After which she said no more.
When, two days later, Mathias was reading about the murder of Laila Aasen and the disappearances
of Onny Hetland and Gert Rafto in the newspaper, he had mixed feelings. First of all, he was
displeased with the murder of Laila Aasen. It had not gone as he had planned; he had lost control in
a frenzy of fury and panic. Hence there had been too much mess, too much to clear up, too much
that reminded him of the photographs in Rafto’s flat. And too little time to enjoy the revenge, the
justice of it.
The murder of Onny Hetland had been even worse, nigh on a catastrophe. Twice his courage had
failed him as he was about to ring her doorbell, and he had walked away. The third time he had
realised he was too late. Someone was already there ringing the bell. Gert Rafto. After Rafto had
left he had rung and introduced himself as Rafto’s assistant and had been let in. But Onny had said
she wouldn’t tell him what she had told Rafto; she had given a promise that the matter would stay
strictly between them. Only when he had made an incision in her hand with the scalpel did she talk.
Mathias gleaned from what she said that Gert Rafto had decided to solve the case under his own
steam. He wanted to rebuild his reputation, the fool!

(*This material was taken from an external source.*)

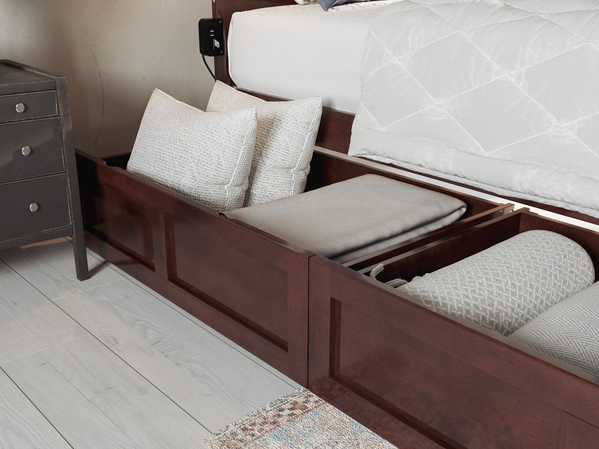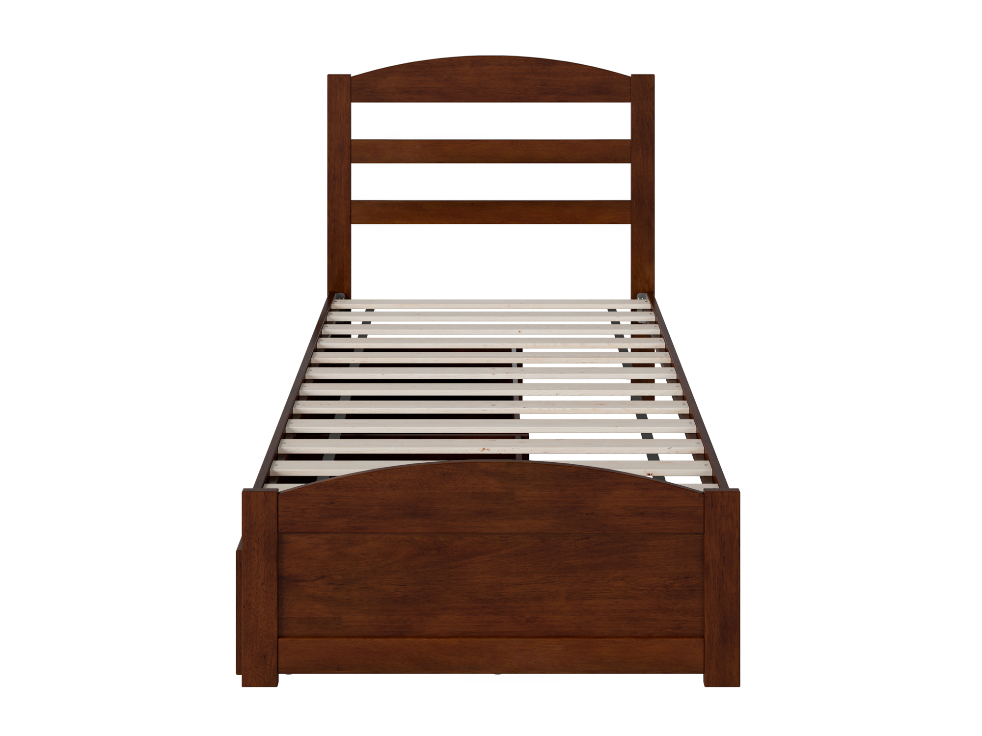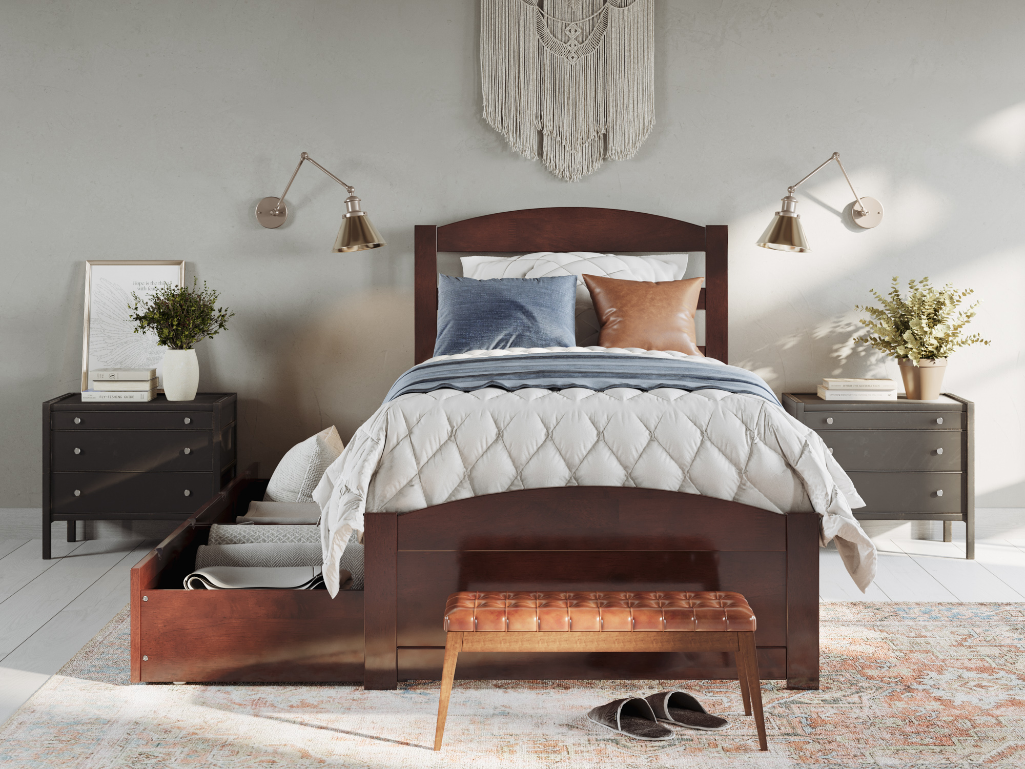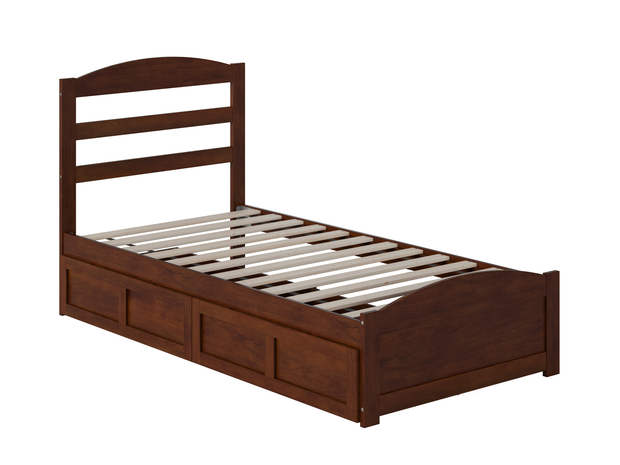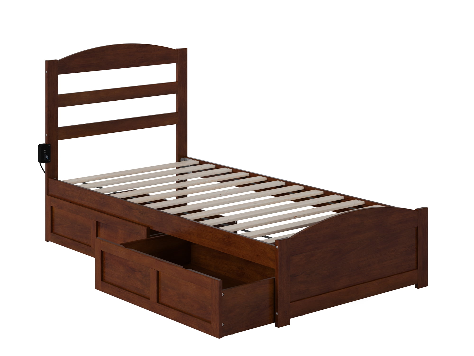 AFI Warren Twin Wood Platform Bed with Headboard, Footboard & 2 Storage Drawers in Walnut Minimalist Mission Inspired Design Sturdy, solid wood construction features simple, mission inspired design that will complement any room Bed & Storage Drawers Feature Solid Hardwood and Veneers with a 5 Step Non-Toxic Finish Bed comes with 2 free floating underbed drawers that can be placed on either side of the bed No Box Spring Needed: Designed for lasting durability, our slat kit supports your mattress to increase air flow for a more comfortable, cooler sleep. Charging Station: Includes Surface Mount Turbo Charger, 6-foot cord, ETL listed, 18GA wire,2 USB Ports .5V/3.5A Assembled Dimensions: 76″L x 38.38″W x 41.38″H

There had been nothing to criticise about the disposal of Onny Hetland, however. Very little noise,
very little blood. And the carving up of her body in the shower had been efficient and quick. He had
packed all the parts in plastic and placed them in the large rucksack and bag he had brought along
for the purpose. On his visits to Rafto, Mathias had been told that one of the first things the police
check in murder cases is cars observed in the vicinity and registered taxi rides. So he walked the
whole way back to his flat.
All that remained now was the last part of Gert Rafto’s instructions for the perfect murder: kill the
detective.
Strangely enough this was the best of the three murders. Strange because Mathias had no feelings
for Rafto, none of the hatred that he had felt for Laila Aasen. It was more about him getting close,
for the first time, to the aesthetics he had envisaged, to the idea he had of how the murder should be
executed. His experience of the very act itself was above all as gruesome and heart-rending as he
had hoped it would be. He could still hear Rafto’s screams echoing round the deserted island. And
the strangest thing of all: on the way back he discovered that his toes were no longer white and
numb; it was as if the gradual freezing process of his extremities had been halted for a moment, as if
he had thawed.
Four years later, after Mathias had killed a further four women, and he could see that all the
murders were an attempt to reconstruct the murder of his mother, he concluded that he was mad.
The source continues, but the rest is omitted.